[Stored dataset items]
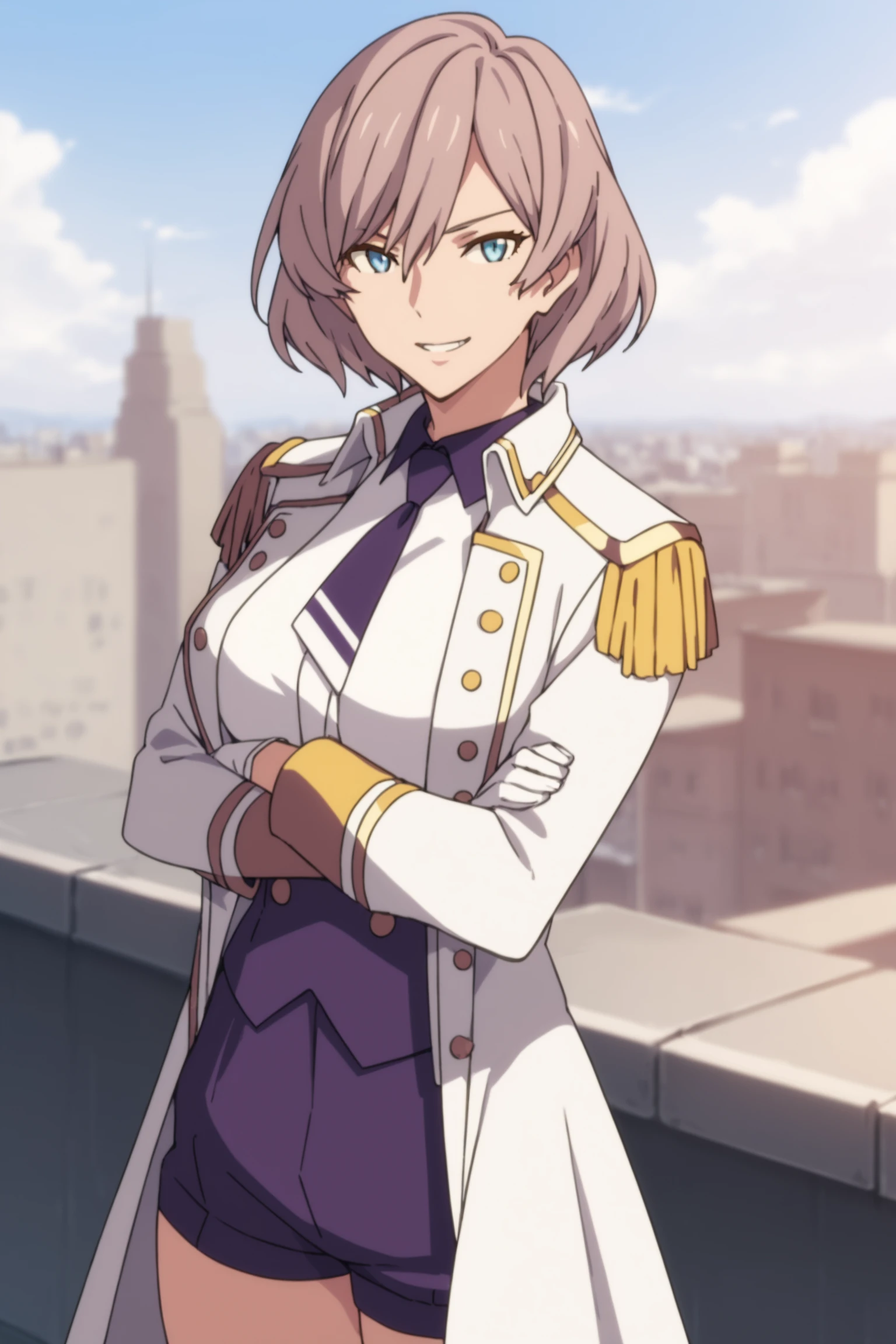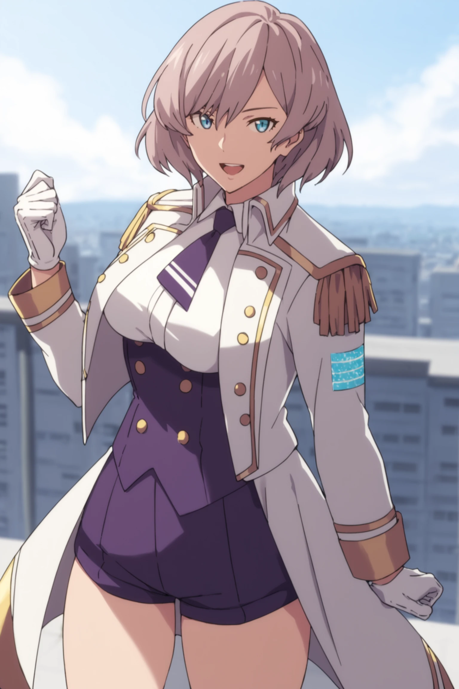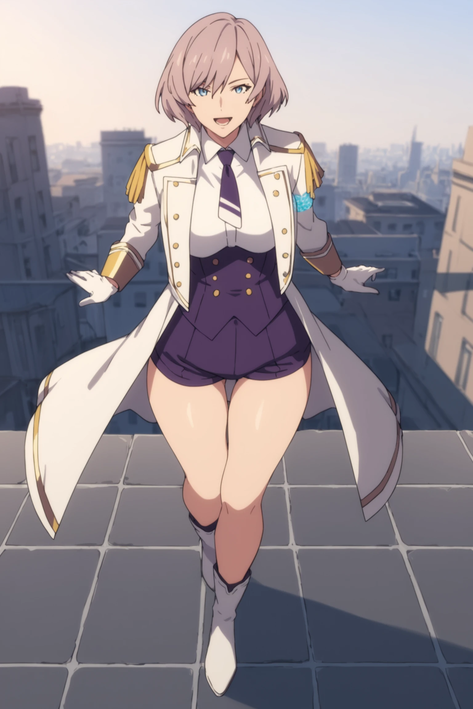 mujina, mujinanormal, blue eyes, short hair, purple hair, white gloves, necktie, purple shorts, short necktie, corset, white jacket, purple necktie, short shorts, long sleeves, open jacket, coat, bangs, white boots
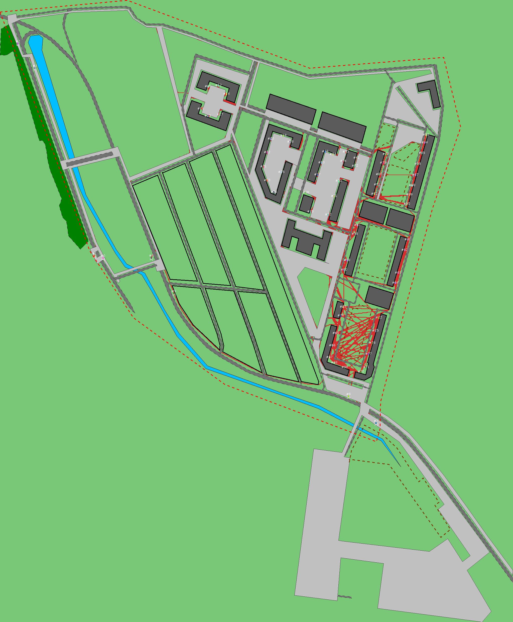 Красным цветом показаны места, где, вероятнее всего, появятся стихийные тропы..
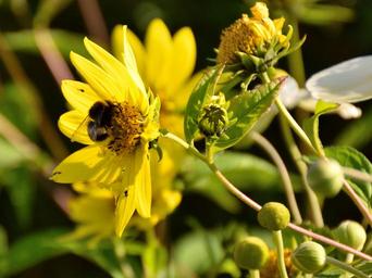 Keywords: bee blossom bloom close nature yellow yellow flower flower
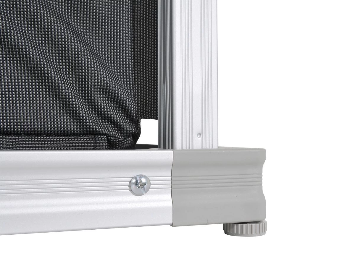 De kast is voorzien van vier stelvoetjes, zodat je de kast altijd waterpas kunt zetten op een ongelijke ondergrond. Het blad is van MDF en afgewerkt met een aluminium rand.
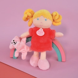 Pop Miss Coral is niet alleen mooi om te zien, maar biedt ook veel plezier. Dankzij de geborduurde gelaatsdetails en haar gele, krullende lokken ziet ze er levendig en authentiek uit. Ze stimuleert niet alleen de creatieve spelletjes van je meisje, maar brengt ook een lieve pluchen vriend mee: het beertje, stevig vastgemaakt aan haar hand.
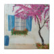 A painting in acrylic of somewhere in Greece. A whitewashed house with a blue window. Geraniums and wild flowers. And a Bougainvillea growing up the wall.this would make a great gift. For someone who loves Greece and the islands.
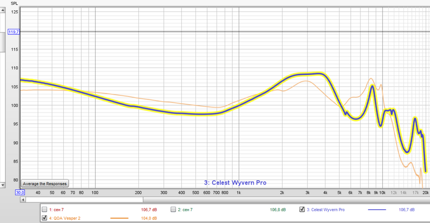 Звук понравился. К плюсам отнесу возможности динамика в правой части диапазона (хоть как-то проработаны ультравысокие частоты). Более дорогая модель «Qoa Vesper 2», со своим излучателем «Knowles 32873», выдаст меньше информации на отрезке от 10 до 20 килогерц. В остальном же обозреваемая модель, к сожалению, уступает. Видим больший акцент на низких частотах, более заметный провал на средних, подсвеченную верхнюю серединку… В общем звучание получилось более басовитым, но в то же время и более ярким и резким.
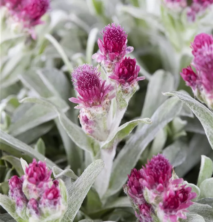 Antennaria dioica bildet ballförmige, rosafarbene Blüten ab Mai.
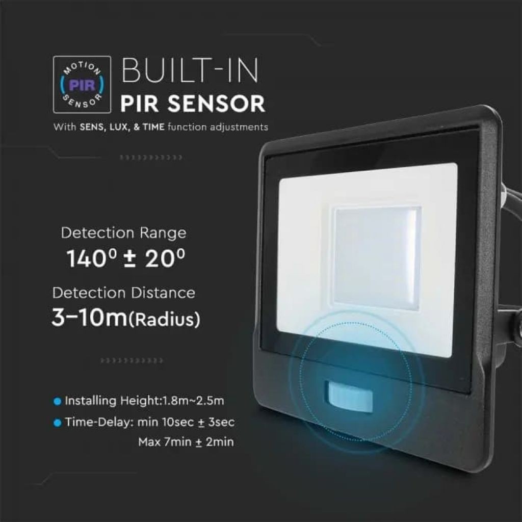 Recensioni V-TAC PRO Faro LED Chip Samsung 30W con Sensore PIR Cavo 1m Colore Nero 6500K IP65
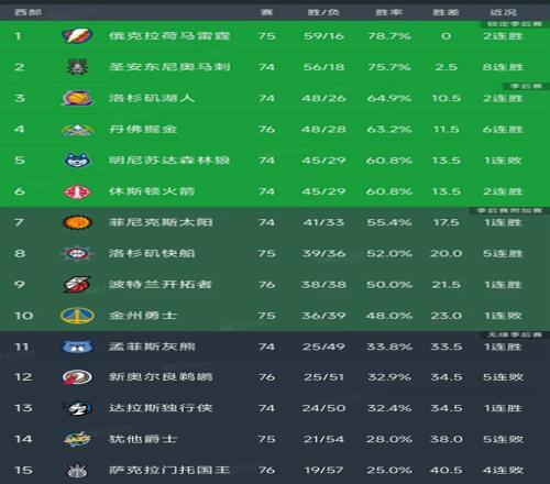 處于附加賽區(qū)的球隊分別是太陽、快船、開拓者和勇士。太陽落后前六至少4個勝場,領(lǐng)先了身后的快船2.5個勝場,他們第7的位置相對還是牢固??齑诤烷_拓者進(jìn)行的8的卡位戰(zhàn),今天快船127-113戰(zhàn)勝了殘陣雄鹿,開拓者123-88大勝弱旅奇才,快船依然領(lǐng)先開拓者1.5個勝場。下一場兩支球隊迎來正面相遇。第10的勇士落后開拓者1.5個勝場。排在最后5名的球隊分別是灰熊、鵜鶘、獨(dú)行俠、爵士和國王!

### WHAT YOU HAVE TO DO:
When copying from the data above, print only the lines from the line containing "Keywords: bee blossom" to the line containing "De kast is voorzien", exactly, and leave the pictures out.

### WRITTEN RESPONSE:
 Keywords: bee blossom bloom close nature yellow yellow flower flower
 De kast is voorzien van vier stelvoetjes, zodat je de kast altijd waterpas kunt zetten op een ongelijke ondergrond. Het blad is van MDF en afgewerkt met een aluminium rand.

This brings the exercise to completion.